Any run_id can have up to 3 files associated with it. Single runs have one file. Paired runs can have anywhere from 1 to 3 files depending on the success of the pairing.

 

Alignment Index

The alignment.index file is a tab delimited file containing all the meta data needed to download the bam alignment files from the ftp site. The alignment file formants are described below.

The columns are:

1. bam file
2. MD5
3. bai index file
4. bai index file md5
5. bas statistics file
6. bas statistic file md5

All other meta information associated with a particular file can be found in the filename e.gHG00098.chrom1.ILLUMINA.bwa.GBR.low_coverage.20100804.bam

The fields represent:

Sample Name
Chromosome name, nonchrom represents the reads mapped to non chromosomal parts of the reference genome and unmapped represents readpairs which did not map to the reference genome
Instrument Platform, the sequencing platform the sequence comes from.
Algorithm, the algorithm used to map the data
Population, the population the sample comes from
Analysis group, the sequencing strategy used to generate the sequence data
Sequence index date, the date from the sequence.index used to supply the input sequence data for the alignment

Each bam file is paired with an index file which has the same name but the extension .bai and a statistic file which has the extension .bas.

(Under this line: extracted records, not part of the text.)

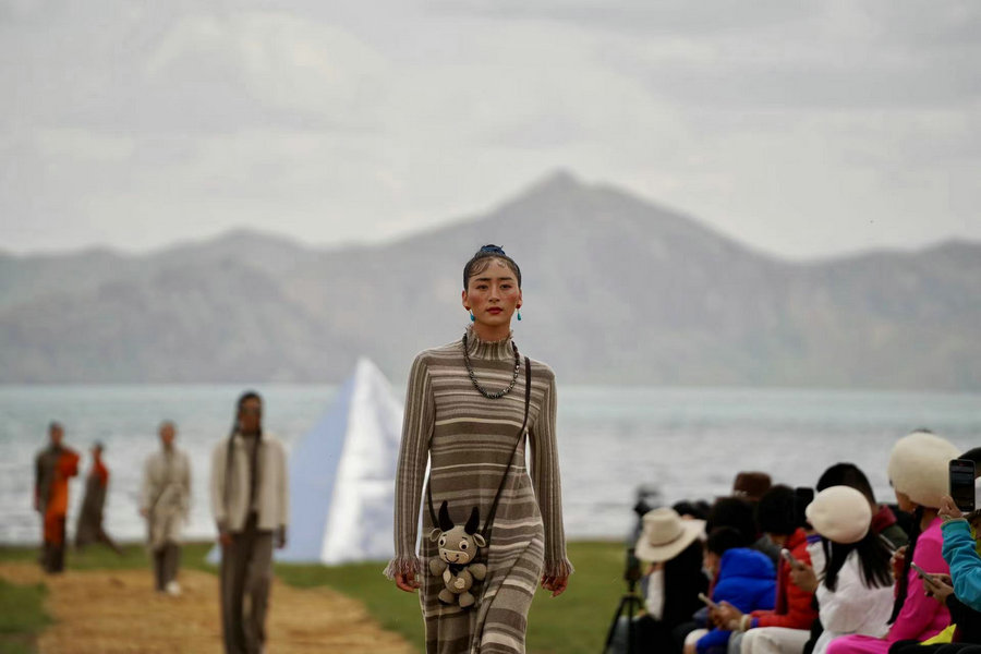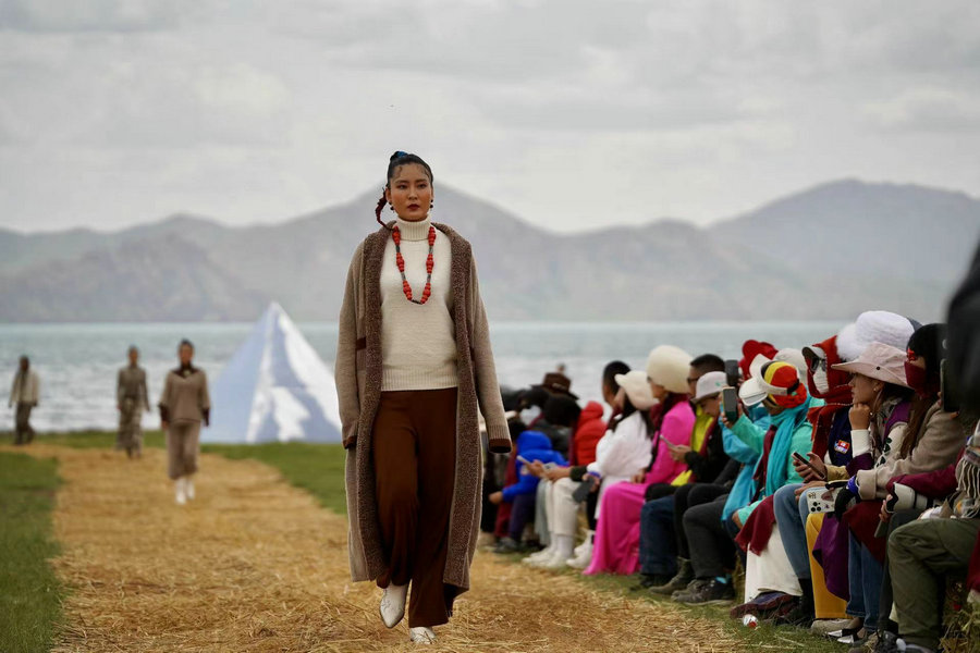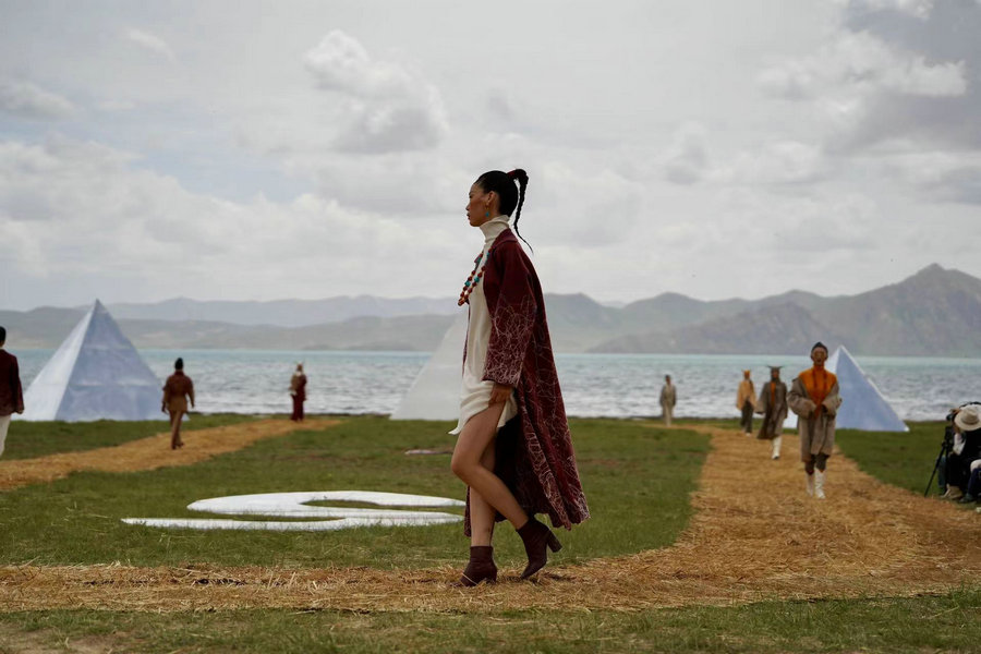 The Shanghai-based fashion brand Sandriver holds a show featuring more than 100 pieces of clothing, primarily made of yak wool on June 28 in Maduo county, Guoluo Tibetan autonomous prefecture, Qinghai province. [Photo provided to chinadaily.com.cn]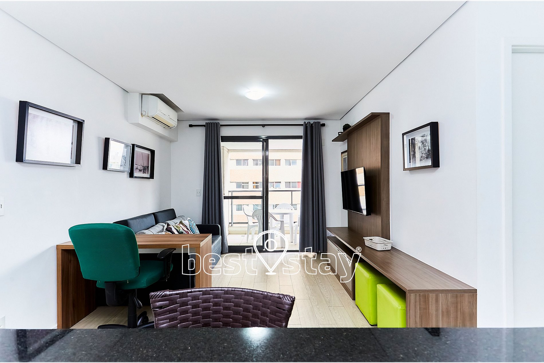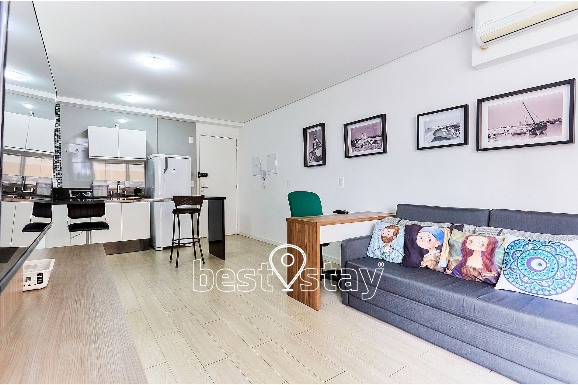 SmarTv 48 polegadas, sofá-cama para 1 pessoa, ar condicionado, estação de trabalho com mesa e cadeira Tudo meticulosamente decorado, com muito conforto e blackout nas cortinas.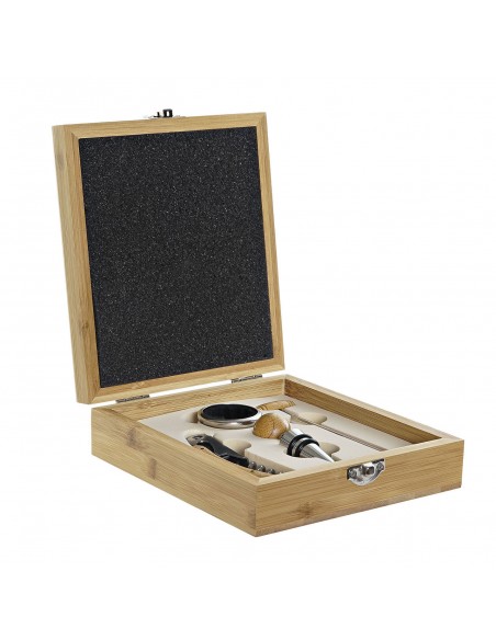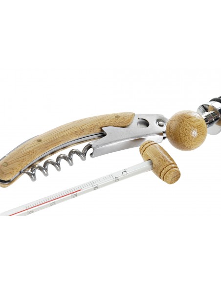 Incluye cuatro piezas: sacacorchos, tapón, termómetro y anillo antigoteo. Todas ellas están fabricadas en acero inoxidable.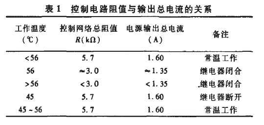 處于斷開狀態(tài),此時控制電路中只有W1起控制作用,設(shè)定常溫工作總電流恒定為1.60A。當(dāng)繼電器溫度上升到56℃時,Kt自動閉合,整個控制電路開始工作,以減小恒流電源的輸出;當(dāng)溫度降低到45℃時,Kt自動斷開,電源額定輸出。該過程可用圖4表示,圖中T為Kt的溫度,Rntc為NTC的阻值。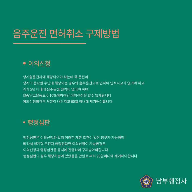 음주운전으로 경찰조사가 끝난 후 면허취소결정통지서를 받게 되면 구제신청 방법으로 이의신청과 행정심판청구를 할 수 있습니다. 이의신청은 해당 경찰청에 제출해야 하며 몇 가지 조건이 갖춰져야 기각되지만 혈중알코올농도 0.1% 이하여야 하며 5년 이내에 음주운전으로 인한 사고가 있어서는 안됩니다. 그러나 행정심판청구는 세종시에 있는 중앙행정심판위원회가 하는 것으로 갖춰야 할 조건이 없어도 누구나 신청할 수 있으며 이의신청은 결정통지서 수령 후 60일 이내에 행정심판청구는 90일 이내에 신청해야 합니다.

More information about the files can be found in README.alignment_data

The sequence files all use the reference genome which can be found under:
ftp://ftp.1000genomes.ebi.ac.uk/vol1/ftp/technical/reference/
ftp://ftp-trace.ncbi.nih.gov/1000genomes/ftp/technical/reference/

 

Bas File

.bas files are bam statistic files, one line per readgroup, columns separated by tabs. The first line is a header that describes each column. The first 6 columns provide meta information about each readgroup.
 
The remaining columns provide various statistics about the readgroup, calculated by going through the release bams. Where data isn't available to calculate the result for a column the default value will be 0.
 
Each column is described in detail below.
 
Column 1 'bam_filename': The DCC bam file name in which the readgroup data can be found.
Column 2 'md5': The md5 checksum of the bam file named in column 1.
Column 3 'study': The SRA study id this readgroup belongs to.
Column 4 'sample': The sample (individual) identifier the readgroup came from.
Column 5 'platform': The sequencing platform (technology) used to sequence the readgroup.
Column 6 'library': The name of the library used for the readgroup.
Column 7 'readgroup': The readgroup identifier. This is unique per .bas file.
 
The remaining columns summarise data for reads with this RG tag in the bam file given in column 1.
 
Column 8   '#_total_bases': The sum of the length of all reads in this readgroup.
Column 9   '#_mapped_bases': The sum of the length of all reads in this readgroup that did not have flag 4 (== unmapped).
Column 10 '#_total_reads': The total number of reads in this readgroup.
Column 11 '#_mapped_reads': The total number of reads in this readgroup that did not have flag 4 (== unmapped).
Column 12 '#_mapped_reads_paired_in_sequencing': As for column 10, but also requiring flag 1 (== reads paired in sequencing).
Column 13 '#_mapped_reads_properly_paired': As for column 10, but also requiring flag 2 (== mapped in a proper pair, inferred during alignment).
Column 14 '%_of_mismatched_bases': Calculated by summing the read lengths of all reads in this readgroup that have an NM tag, summing the edit distances obtained from the NM tags, and getting the percentage of the latter out of the former to 2 decimal places.
Column 15 'average_quality_of_mapped_bases': The mean of all the base qualities of the bases counted for column 8, to 2 decimal places.
Column 16 'mean_insert_size': The mean of all insert sizes (ISIZE field) greater than 0 for properly paired reads (as counted in column 12) and with a mapping quality (MAPQ field) greater than 0. Rounded to the nearest whole number.
Column 17 'insert_size_sd': The standard deviation from the mean of insert sizes considered for column 15. To 2 decimal places.
Column 18 'median_insert_size': The median insert size, using the same set of insert sizes considered for column 15.
Column 19 'insert_size_median_absolute_deviation': The median absolute deviation of the column 17 data.
Column 20 '#_duplicate_reads': The number of reads which were marked as duplicates
 

 

Data file formats

Alignment files (BAM)

BAM files are binary representations of the Sequence Alignment/Map format. These files and the associated SAMtools package are described in a recent Bioinformatics publication.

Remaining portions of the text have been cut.